Economic Development, Foreign Direct Investment, and the Rule of Law in Nigeria

Economic Development, Foreign Direct Investment, and the Rule of Law in Nigeria

Nigeria is in a development crisis. The indices of national development suggest that the country is a barrel of disaster waiting to explode. With 69% of the population living below the poverty line, huge infrastructure deficit, ailing health sector and a failed public education system; the country is in dire need of an appropriate web of interventions. Indeed, recent efforts are yielding results – evidenced in the country’s improvement in the ease of doing business ranking. However, the country’s unenviable 158th position in the Human Development Index ranking, reveals that a lot still needs to be done. 
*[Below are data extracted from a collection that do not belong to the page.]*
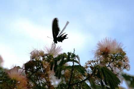 ねむの木っていうと美智子様の作詞された「ねんねのねむの木ねむりの木~♪」という歌が思い出されますが、初めて見ました。こんなに可愛いお花だったとは。そしてそこに蝶々が止まってる所をよく撮られましたね。貴重な写真です。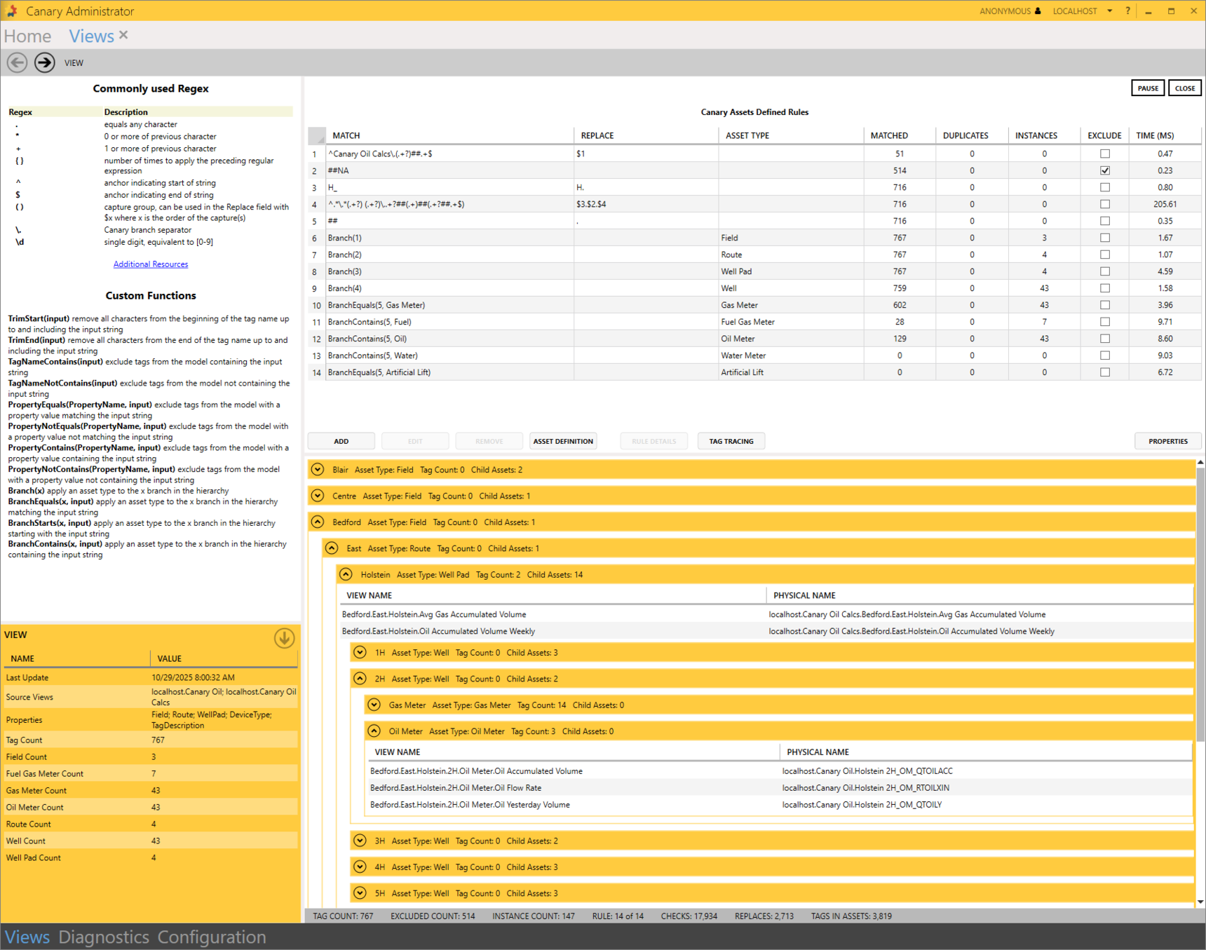Selecting the EDIT button from the VIEW OPTIONS window opens the screen to view and modify the rules used to create the Virtual View. Starting in v25.4, Commonly used Regex rules and Custom Functions are listed in the top left window.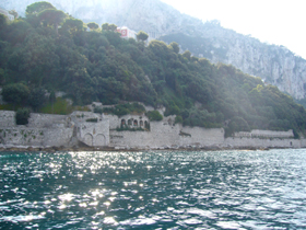 海の離宮は、アウグストゥスの滞在した(そして一説には、最も愛した)ヴィラのようですが、ティベリウスが改造・増築の手を加えたものと推定されるそうです。オーストリア人のハドワラ(=他でも略奪を行っている)によって発掘されたのですが、その彼によって床や柱頭、大理石の板などが奪われてしまったそうです。さらに19世紀初期に訓練場にされたり、小要塞が増築されたり、フランス軍に占領されたりして、ともかく・・・大きな被害を被ったそうです。現在は、サッカー場も出来てしまっています。 この遺跡はまだ深く研究されておらず、建物の全体を判断するのは困難ですが、概略から分析すれば、建築の壮大な規模、そして水道の壮大なシステムがあったとわかるようです。 ポンペイの考古学者・マイウーリ(A.Maiuri)は、離宮内の居住部が要塞の建てられた場所にあることや、そこに存在していた水槽やモザイクの床などを確認したようです。さらにサッカー場の位置には庭園などがあったと考えられ、現在は植物に覆われてしまった大理石の階段が、ニンフェウムのあった離宮の海に面した部分につながっていたそうです。さらにさらに!養魚のために使われたと思われる水槽と離宮の船着場の構造も見られ、水面下にも、養魚のための施設や他の建物が見られるそうです!!う〜近寄ってみてみたかった・・・!

One of the important elements for development in Nigeria is the attraction and retention of Foreign Direct Investment (FDI). FDI is one of the most important contributors to economic growth. It augments domestic capital; creates jobs; enhances efficiency through the transfer of technology and expertise and stimulates the growth of domestic firms. In fact, on the 4th of February 2020, the President justified the country’s new Visa policy by emphasizing its potential to attract FDI into the country. Strategies like this and tax incentives reflect Nigeria’s standard approach to the attraction of FDI. However, the country seems to be missing an important factor – The Rule of Law

The Rule of Law – The missing link

Essentially, the supremacy of the law in any society, the indicators of the Rule of Law, according to the World Justice Project are Constraints on Government Powers, Absence of Corruption, Open Government, Fundamental Rights, Order & Security, Regulatory Enforcement, Civil Justice and Criminal Justice. The Rule of Law connotes equality before the law, legal certainty, avoidance of arbitrariness, and procedural and legal transparency. 
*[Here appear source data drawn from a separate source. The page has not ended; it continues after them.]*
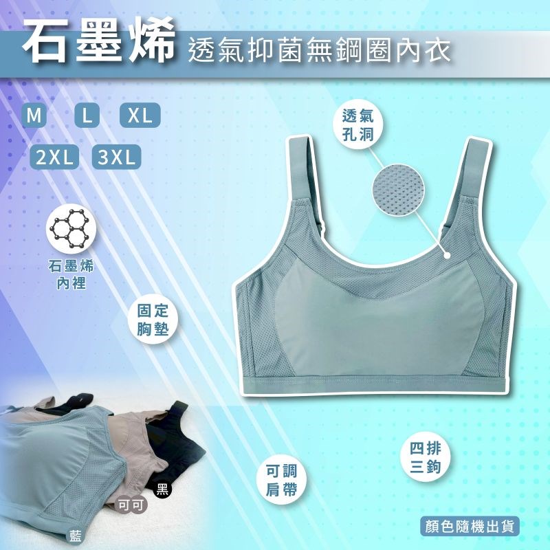 【卡妮兒】石墨烯透氣抑菌無鋼圈內衣 M / L / XL / 2XL / 3XL(混色3件組)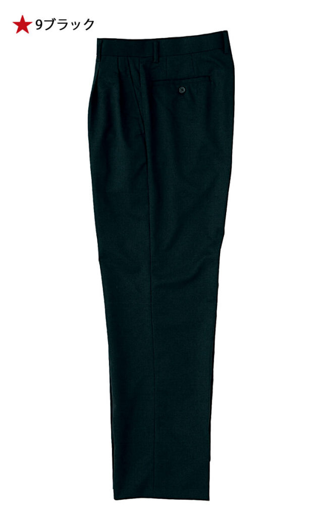 セブンユニフォームのメンズツータックスラックスです。フォーマル黒色パンツです。ツイル素材は、しっかりとした肉厚を感じる綾織の生地です。風合いは硬めですがストレッチ性があり着心地は意外に軽やかです。コーディネートもしやすいパンツです。ホテル、レストラン、売店、和食店、料亭、旅館、居酒屋、和カフェ、お土産店、ベーカリー、スイーツ店などどんな職種にも対応できるスラックスです。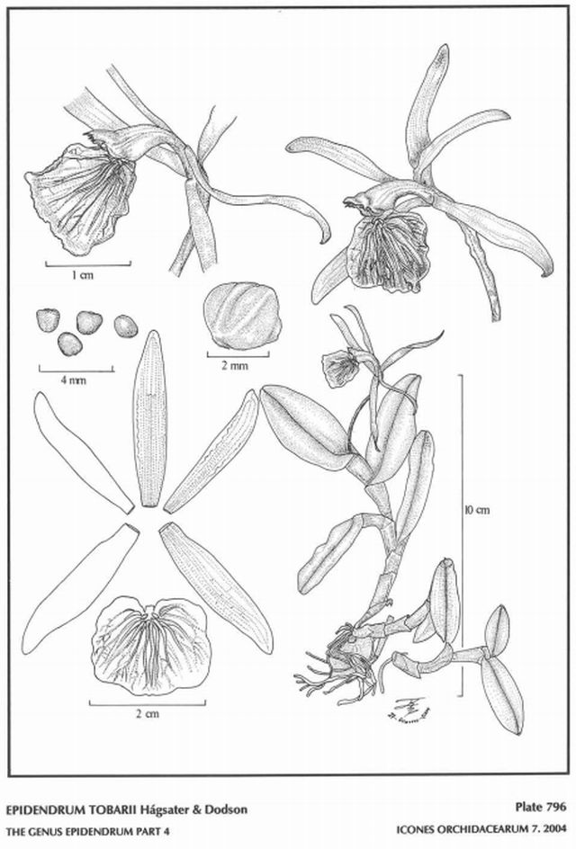 "Epidendrum tobarii belongs to the GROUP Difforme which is recognized by the caespitose, sympodial plants, fleshy, pale green to glaucous leaves, apical inflorescence, sessile, rarely with a short peduncle, one-flowered to corymbose, without spathaceous bracts, fleshy, green to yellowish green, rarely white flowers. The new species has short plants, about 4.8" [12 cm] tall, small leaves, single flowers, sepals and petals narrowly elliptic, the sepals 9 to 11 veined, the petals adnate to the basal third of the column, 7 veined and the lip subquadrate with numerous thickened veins, the column arching and long with a prominent clinandrium hood. It is similar to Epidendrum platychilum which is found both north and south, has wider and longer leaves 2.4 to 3.24 x .92 to 1.36" [6 to 7.6 x 2.3 to 3.4 cm], sepals and petals with a sinuate, revolute margin, and the obovate, 3 to 5 veined petals adnate only to the base of the column. Epidendrum kerryae Hágsater & L. Sánchez has larger plants, wider, longer leaves 2 to 3.8" x 1 to 1.6" [5 to 9.5 x 2.5 to 4 cm], a triquetrous ovary, with a swollen vesicle behind tlíe perianth, the lip suborbicular with the veins on the disc only slightly thickened, and a short, straight column .32to .36" [8 to 9 mm] long. Other species of this group with swollen veins are Epidendrum amparoanum Schltr. from the Pacific slope of Costa Rica and Panama, and Epidendrum yojoaense Hagsater from the Atlantic slope in Honduras." Hagsater etal 2004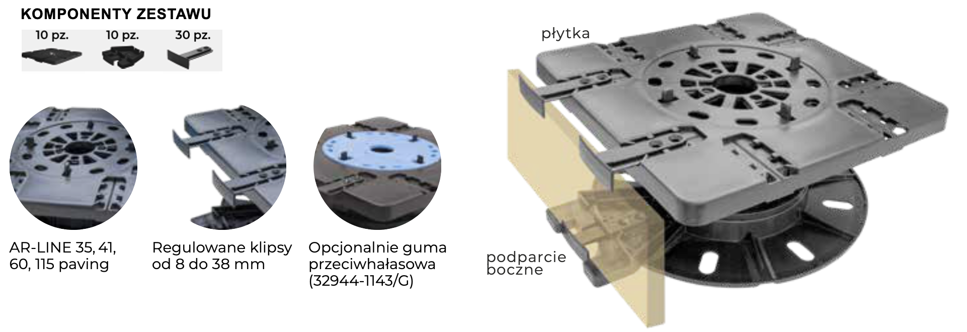 szt/karton1 zestaw (10 szt. płytek, 10 szt. podparcie boczne, 30 szt. klips regulacyjny)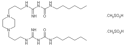 The reaction of S-methyl isothiouronium iodide (I) with n-hexyl isocyanate (II) by means of triethylamine in acetone gives N-(methylthioiminocarbonyl)-N?n-hexylurea (III), which is then condensed with 1,4-bis(3-aminopropyl)piperazine (IV) in refluxing isopropanol and methanesulfonic acid.

In the 2017/2018 Global Investment Competitiveness Report, Political stability and a business-friendly regulatory environment were identified as the most important in investors’ decision making.  In this report’s survey, 81 per cent of investors rate country legal protections as important or critically important in their investment decisions. This reveals a major gap in Nigeria’s development strategy and approach to FDI. In Nigeria, the availability of legal protection, guaranteed by a respected judicial mechanism is constantly undermined by the actions and words of the government and its agencies. Investors seek both strong legal protections and predictability and efficiency in implementing laws and regulations. Over 90 per cent of investors rate various types of legal protections, including the ability to transfer currency in and out of the country as well as legal protections against expropriation, against breach of contract, and against nontransparent or arbitrary government conduct as critical. All investors, regardless of sector, source country, or FDI motivation, find these guarantees of greatest value. These policies are bigger deal-breakers than investment incentives, preferential trade agreements, and bilateral investment treaties. Essentially, the presence or otherwise of the Rule of Law in a country is a deal-breaker for investors.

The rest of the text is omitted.